Goal of the exercise: Please output only the lines running from the one that contains "3、各個(gè)灌裝頭可在一" through the last line of the data below, exactly as they stand, with no pictures.

■ ■ ■

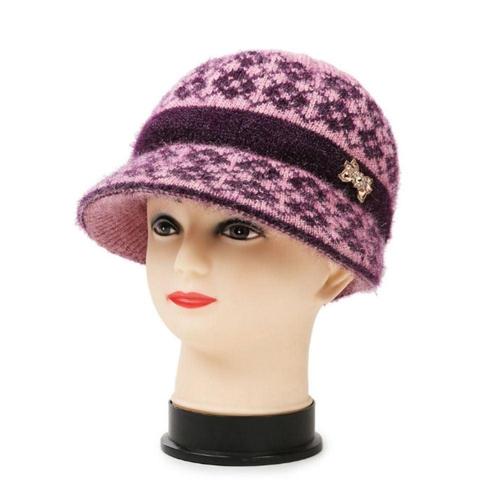 중년 여성 마름모패턴 할머니 방한모자 리본 니트비니 WFFJJ3S
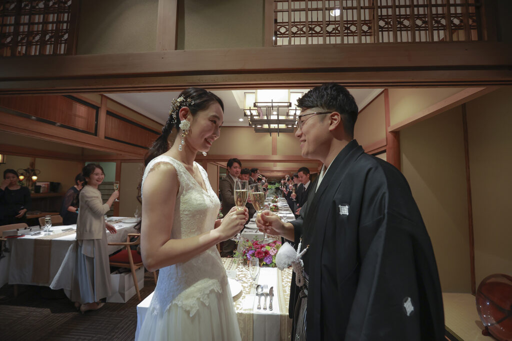 凛とした和の美しさの中に、飾らない笑顔とユーモアが息づく——そんなおふたりの人柄が、結婚式というひとつの場所に自然と集まった一日だったと思います。
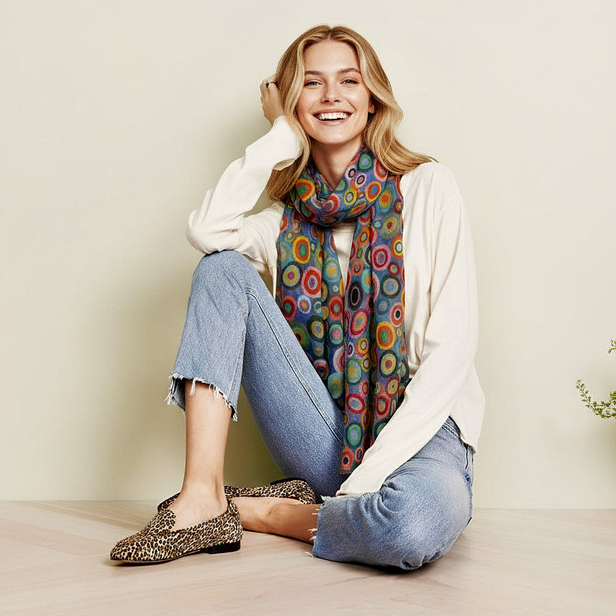 Kaleidoscope Circles Scarf – Merino Fine Wool | Vibrant Geometric Abstract Designer Wrap - Grey base
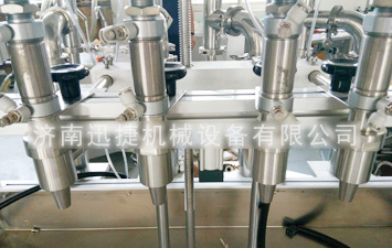 3、各個(gè)灌裝頭可在一定范圍內(nèi)任意調(diào)節(jié)間距和高度,可使用各種大小形狀的容器的灌裝。
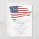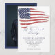 This retirement party invitation features a distressed watercolor American flag and simple neutral design. This invitation can be used to celebrate police first responders as well as navy or air force or any other personnel.
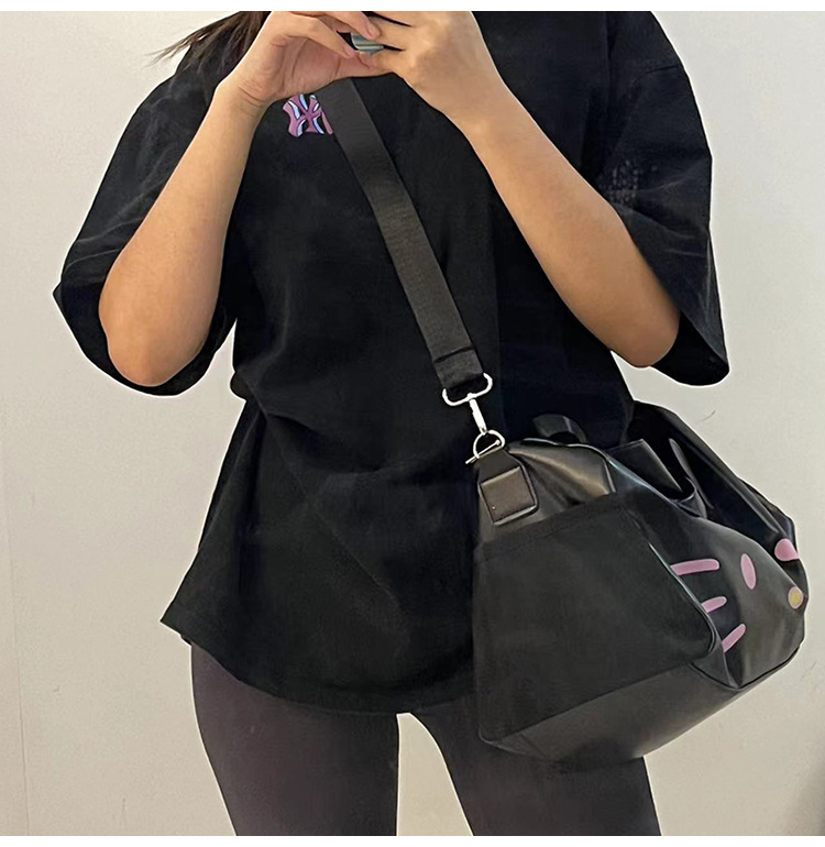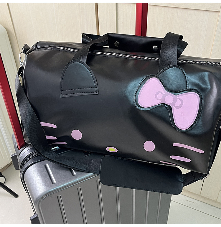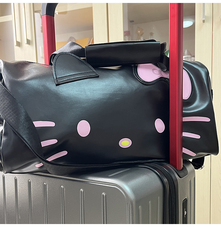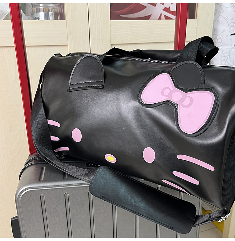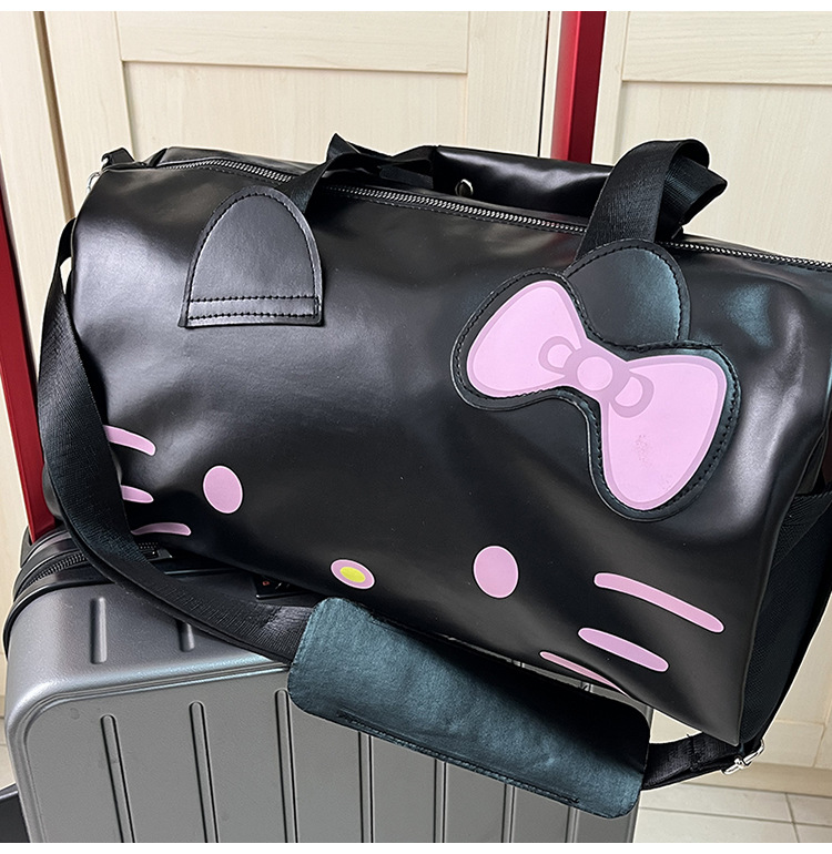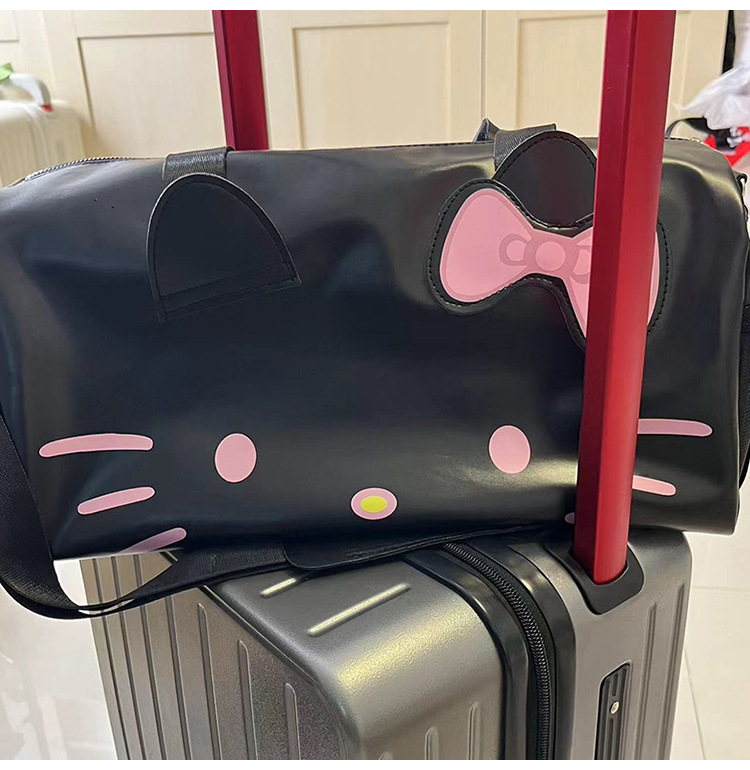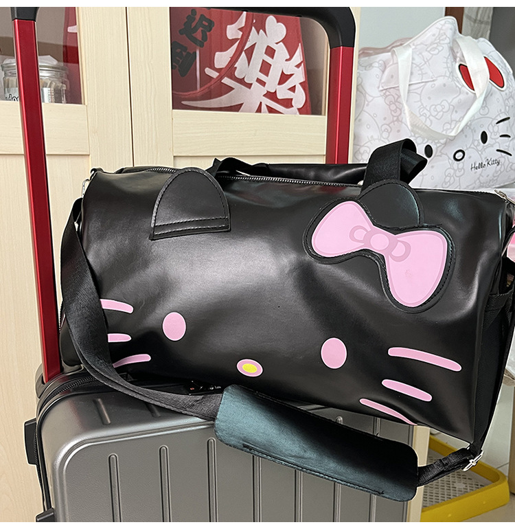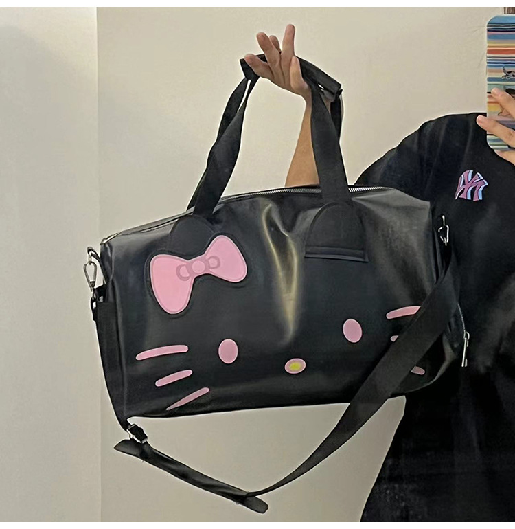 헬로 키티 만화 귀여운 큰 가방 어깨 검은 가죽 헬로 키티 휴대용 체육관 가방 크로스 바디 여행 가방 트렌디스토어 가기

■ ■ ■

Task result:
 3、各個(gè)灌裝頭可在一定范圍內(nèi)任意調(diào)節(jié)間距和高度,可使用各種大小形狀的容器的灌裝。
 This retirement party invitation features a distressed watercolor American flag and simple neutral design. This invitation can be used to celebrate police first responders as well as navy or air force or any other personnel.
 헬로 키티 만화 귀여운 큰 가방 어깨 검은 가죽 헬로 키티 휴대용 체육관 가방 크로스 바디 여행 가방 트렌디스토어 가기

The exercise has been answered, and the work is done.